According to Chippewa beliefs, rice is sacred, partly because it was the rice that brought the tribe to the Great Lakes generations ago. The Chippewa originally lived on the Atlantic Coast but migrated from there, seeking, as their prophets told them, a land where food grew on the water — wild rice.

"This is the whole reason our tribe is here," said tribal member Jake Deragon on a recent boat trip to the mouth of the Bad River. "The wild rice ... I bring my kids out here and teach them how to rice. I put moccasins on my boys and have them walk on it just as our ancestors did."

Deragon said he's against the mine because he believes it is likely that any pollution from the open pit or the tailings will end up in the river and, eventually, on the reservation and in the rice beds.

"Crap runs downhill," Deragon said. "And we're downhill." 

Unlike Wisconsin, Minnesota limits the levels of sulfate that can be discharged by mines and other polluters to 10 milligrams per liter to protect wild rice. The standard, enacted in 1973, is based on studies of more than 200 Minnesota lakes by John Moyle, one of the nation's most noted experts on wild rice. Other studies confirmed his findings that wild rice becomes stunted in water with sulfate levels higher than the standard.

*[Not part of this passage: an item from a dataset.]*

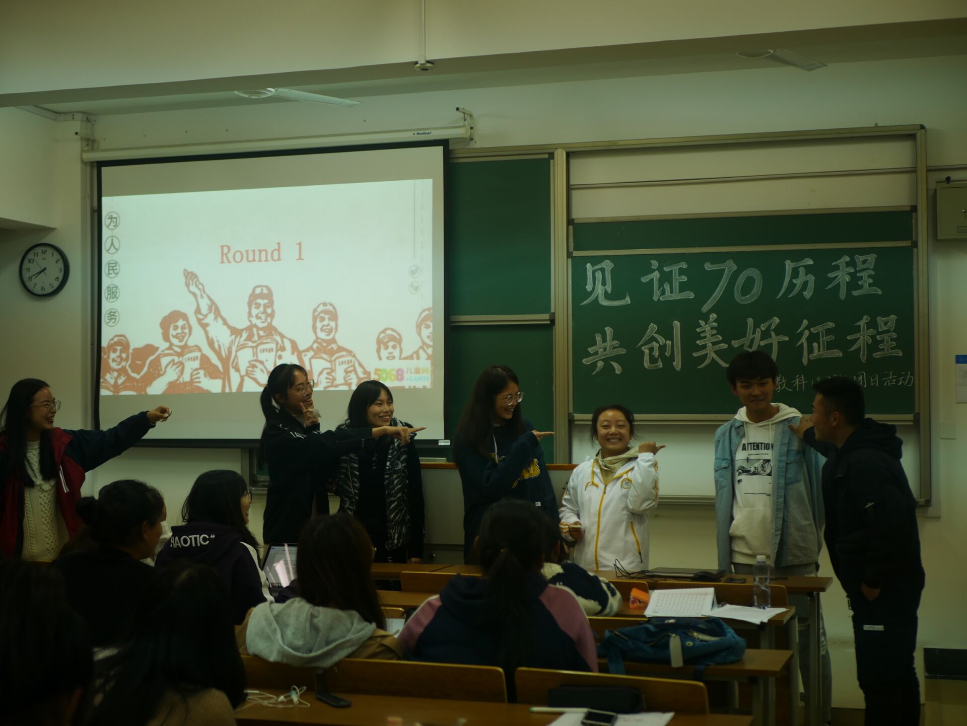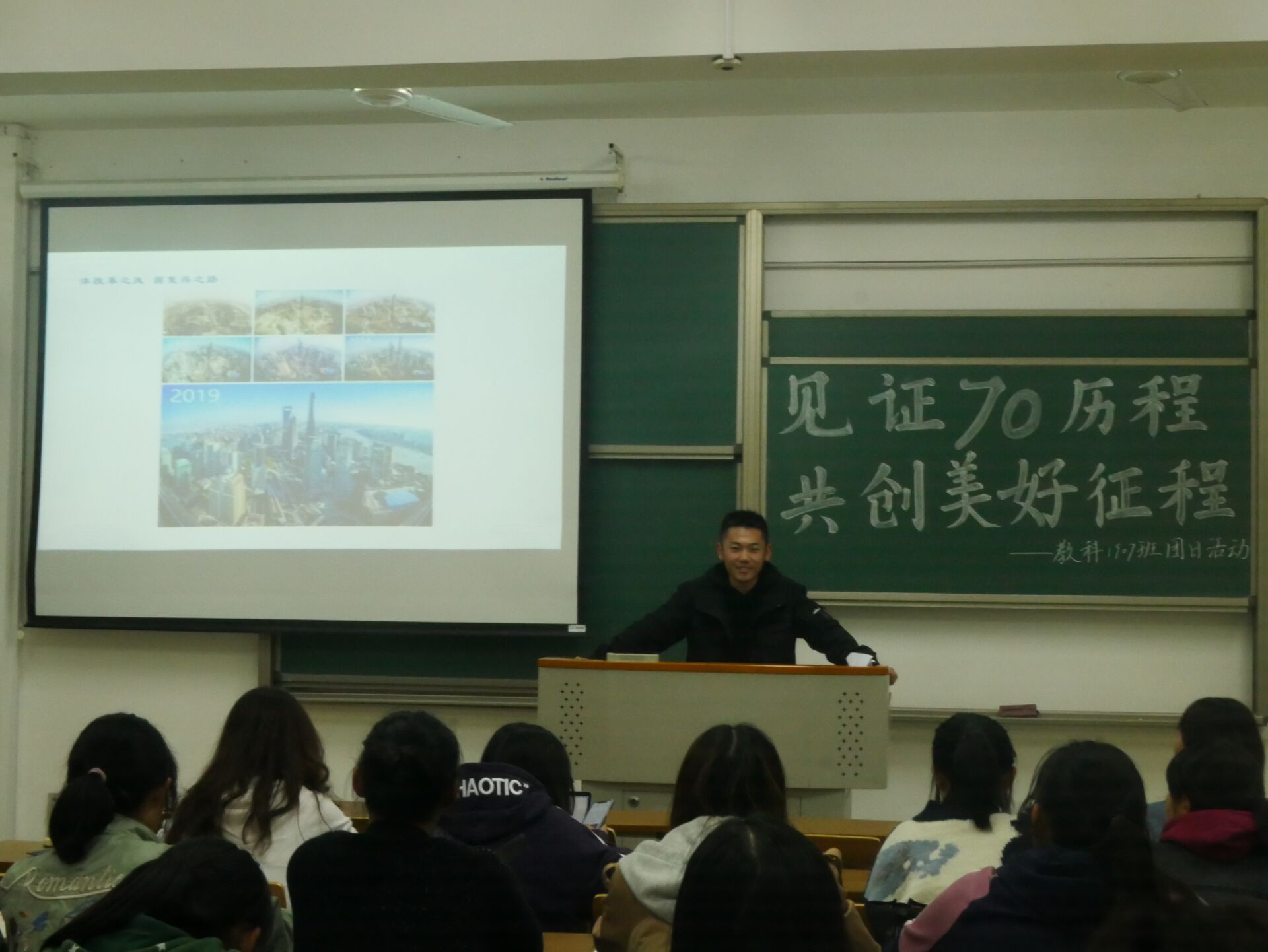 活动伊始,同学们一起回顾了十一阅兵仪式上习近平主席的重要讲话,由此进入团课主题。随后团支书通过一组今昔对比图向团员们详细介绍了新中国70年的艰辛发展史和光辉奋斗史以及改革开放以来国家日渐繁荣、逐渐强大之景。“沐改革之风,圆复兴之路”。从以前的杂乱无章,到如今的秩序井然,无一不诉说了新中国70年历程的巨变,一再发出改革开放的时代强音,让世界看到了中国将改革开放进行到底的决心。随后,通过“谁是真的爱国”的游戏活动加强广大团员对国家标志、国家近况的了解。紧接着的知识竞答、综合时政焦点、团员素质等知识,增强了团员学习积极性。此次团课通过各种互动环节丰富了课堂学习内容,拉近了团员与国家的距离。每一个环节,同学们都踊跃发言,积极参与,使之时刻牢记时代使命,为实现“中国梦”贡献智慧和力量。

Leonard Anderson, a science teacher on the Fond du Lac Chippewa reservation near Cloquet, Minn., has served on a number of government committees that have studied sulfate pollution and wild rice. Though not a tribal member, Anderson has harvested rice from the lower reaches of the St. Louis River for years. He said the damage to rice beds is especially noticeable in areas of the river below the mines where sulfate levels are as high as 100 ppm — largely, critics such as Anderson say, because the state has not enforced the wild rice standard.

"I've been rice picking since 1954," Anderson said. "And I've seen the decline in the watershed."

Curiously, Anderson said, studies have shown that wild rice remains healthy in Pokegama Bay on the lower river, a bay fed by Wisconsin rivers that have low sulfate levels.

"That should be instructional to Wisconsin," Anderson said.

The wild rice standard in Minnesota is being reviewed by the state's Department of Natural Resources because of challenges from both the state's mining companies and the Minnesota Chamber of Commerce. Both the companies and the Chamber, as well as some Minnesota legislators, claim there is not enough science to back up the standard.

But Wisconsin scientists who have studied the connections between sulfate and wild rice say there is enough legitimate science to justify concern. They say it is a problem that should be considered in the context of any proposed iron mine in Wisconsin.

David Krabenhoft, with the U.S. Geological Survey in Middleton, has studied the relationship between sulfate and grasses such as wild rice in the Great Lakes region and sawgrass in the Everglades. He also said the potential damage to rice beds by sulfate from the proposed Crandon mine was a potential problem when that since-abandoned project was under study.

"I would say you have to at least look at the potential for a problem," Krabenhoft said.

Bill Williams, president of Gogebic Taconite, said sulfate pollution shouldn't be a problem with the Wisconsin mine because iron tailings, or waste, would be disposed of using a method called "dry stacking," which removes water and allows the waste to be formed into hills. 

Those would then be covered with soil and vegetation so that sulfate-contaminated runoff would be eliminated.

But such assurances are met with skepticism by Bad River tribal officials. And last week, the tribe received approval from the federal Environmental Protection Agency to set its own water standards, including standards that would prohibit upstream polluters — such as the proposed mine — from discharging anything into the headwaters of the Bad River that would lessen water quality.

"Our water quality standards are our Nation's proud proclamation of how we value our waterways and wetlands," said Tribal Chairman Mike Wiggins Jr.